Molte volte, veniamo a conoscenza di storie abbastanza delicate: tanti giovani con disabilità decidono di non praticare nessuno sport per paura o per mancanza di informazioni adeguate. Quale messaggio è bene lanciare in loro favore?
“È necessario con chi ha paura essere attenti e sensibili e farsi aiutare da psicologi che sanno gestire queste situazioni. Chi arriva da noi anche solo per curiosità o perché forzatamente portati dai familiari per conoscere la nostra realtà, ritorna sempre. Siamo ormai consapevoli ed esperti nel coinvolgere prima umanamente le persone disabili che si avvicinano e incontrano un ambiente umano di buone relazioni e attenzioni. È vero che servirebbero delle campagne dedicate all’importanza dello sport soprattutto per persone con disabilità, che attraverso l’attività fisica, acquisiscono una maggior qualità della vita in termini fisici e psicologici, gravando anche meno sulla spesa sanitaria. La provincia di Trento si è dimostrata consapevole di ciò e nella riforma della legge sullo sport del 2016 ha introdotto misure specifiche per favorire lo sport alle persone disabili, come il rimborso alle società sportive della spesa per l’acquisto di ausili specifici. Il messaggio di SportABILI per far capire quanto lo sport aiuti è ‘Se posso fare questo posso fare tutto’, ed è davvero così”.

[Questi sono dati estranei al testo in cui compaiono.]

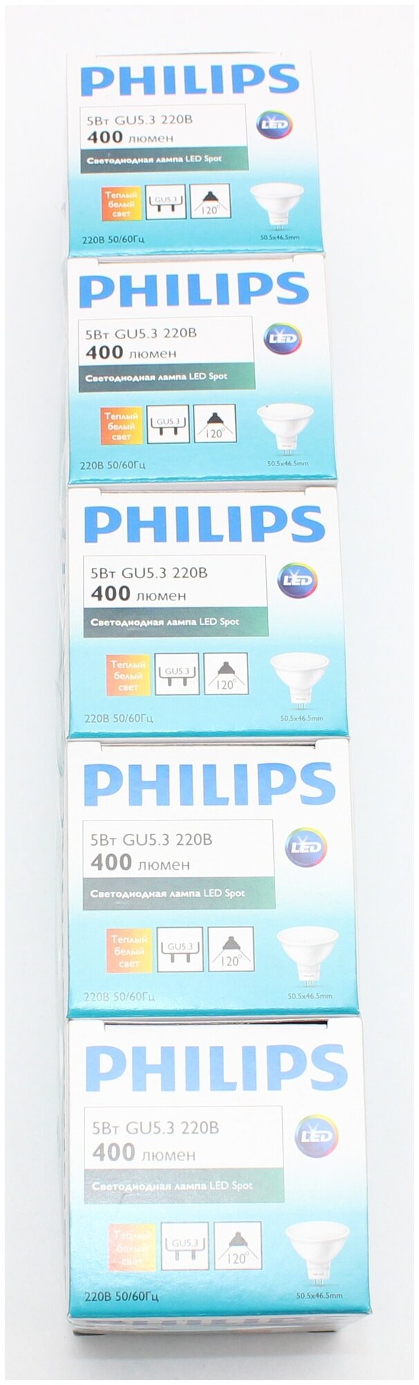 Отзывы на Светодиодная лампа Philips GU5.3 5Вт теплый белый свет, упаковка 5 штук

Quali sono i canali che usate per la promozione delle vostre attività? Avete dei forum attivi o delle collaborazioni con le scuole per far arrivare le iniziative di SportABILI anche ai ragazzi con e senza disabilità?
“Sul territorio della valle di Fiemme, dove ha sede l’associazione, la collaborazione con le scuole è molto attiva. Entriamo a raccontare cosa facciamo, siamo luogo di esperienze ‘Scuola Lavoro’, in particolare con l’Istituto superiore Rosa Bianca di Cavalese. Accogliamo ragazzi e ragazze per stage e si dimostrano attenti, sensibili e capaci. Siamo anche nella Scuola professionale del turismo di Tesero, dando un contributo ai corsi di Accoglienza Accessibile organizzati con Accademia della Montagna del Trentino. Utilizziamo il mondo web per farci conoscere, ma lo strumento più efficace è il passaparola e l’impegno di utenti che si trovano bene con noi e ci promuovono sui loro territori. Così sta avvenendo con Roma dove un nostro socio, Paolo Fulli, non vedente, ha coinvolto ben tre comuni in un progetto di vacanza sportiva per ragazzi disabili romani e porta in giro il nostro messaggio con l’associazione ‘Idee a Colori’. Siamo stati più volte sulle reti nazionali con le nostre proposte e la nostra visibilità è data anche dalla capacità di organizzare campionati di sci a livello nazionale e internazionale”.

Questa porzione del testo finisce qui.